D.Tusk -"Pytanie jest proste i śmiertelnie poważne:czy chcecie prezydenta budującego bezpieczną i silną Europę,czy takiego który wspólnie z Putinem i jego sojusznikami będzie ją rozwalał".

K.Nawrocki- "Co do Putina-nie znam,ale wnioskuję po zdjęciach,że to pański znajomy-zatem prosze mu przekazać,że jego listów gończych także się nie boję".

 W tej wymianie "uprzejmości", jak się ostatnio powszechnie mówi został zaorany.

Od najazdu Rosji na Ukrainę wszyscy unijni politycy, w tym nasz premier ,odżegnują się od przeszłości i więzów jakie ich łączyły z Rosją i prezydentem Putinem.Nie chodzi mi o więzy przyjacielskie pomiędzy poszczególnymi szefami rządów państw unijnych ale o wspólne przedsięwziecia gospodarcze w których brały udział te państwa wraz z Rosją.Przykład- Nord Stream,konsorcjum firm europejskich BASF, niemieckiego Wintershall,holenderskiego Gasunie czy ENGIE z Francji oraz rosyjskiego Gazpromu.

D.Tusk -przewodniczacy Rady Europejskiej -  "Niemcy jako jeden ze strażników zachodnich wartości i gwarantów jedności Europy to model,dla którego nie ma dziś sensownej alternatywy.Ich zachowanie wobec projektu rozbudowy gazociagi Nord Stream jest najlepszym sprawdzianem dla tej ambitnej roli".

Nie mam zamiaru krytykować D.Tuska jako premiera polskiego rządu a nastepnie szefa Rady Europejskiej za jego kontakty z Putinem.Wszyscy w tym czasie tak robili bo było to gospodarczo uzasadnione.

Nie zgadzam się z tym aby do polskich wyborów prezydenckich mieszać Putina rzekomo rozwalajacego Europę.Jak na razie, to UE nałożyła na Rosję kilkanaście sankcji,ponosząc większe straty z tego tytułu niż Rosjanie.
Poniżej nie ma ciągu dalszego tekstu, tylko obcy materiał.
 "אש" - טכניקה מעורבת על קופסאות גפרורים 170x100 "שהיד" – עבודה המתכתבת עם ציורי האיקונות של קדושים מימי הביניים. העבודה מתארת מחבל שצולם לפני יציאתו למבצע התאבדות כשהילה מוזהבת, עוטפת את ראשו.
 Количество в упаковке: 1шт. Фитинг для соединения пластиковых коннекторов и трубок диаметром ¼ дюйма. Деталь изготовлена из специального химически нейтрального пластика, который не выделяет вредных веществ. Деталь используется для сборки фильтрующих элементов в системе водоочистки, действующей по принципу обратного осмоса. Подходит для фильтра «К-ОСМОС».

Nie zgadzam się również z tym,że każda krytyka skierowana na fatalne pomysły tej instytucji jest "polexitem".Rzecznik praw obywatelskich UE, Irlandka Emily O'Reilly stwierdziła "/.../ na najwyższych stanowiskach Komisjii Europejskiej obowiązuje "kultura mafijna"". Za taki stan rzeczy oskarżyła ona przewodniczącą Ursulę von der Leyen. Jeżeli brukscelscy eurokraci w dalszym ciągu będą narzucać swoją wizję Europy, to Unia ulegnie destrukcji z ich winy.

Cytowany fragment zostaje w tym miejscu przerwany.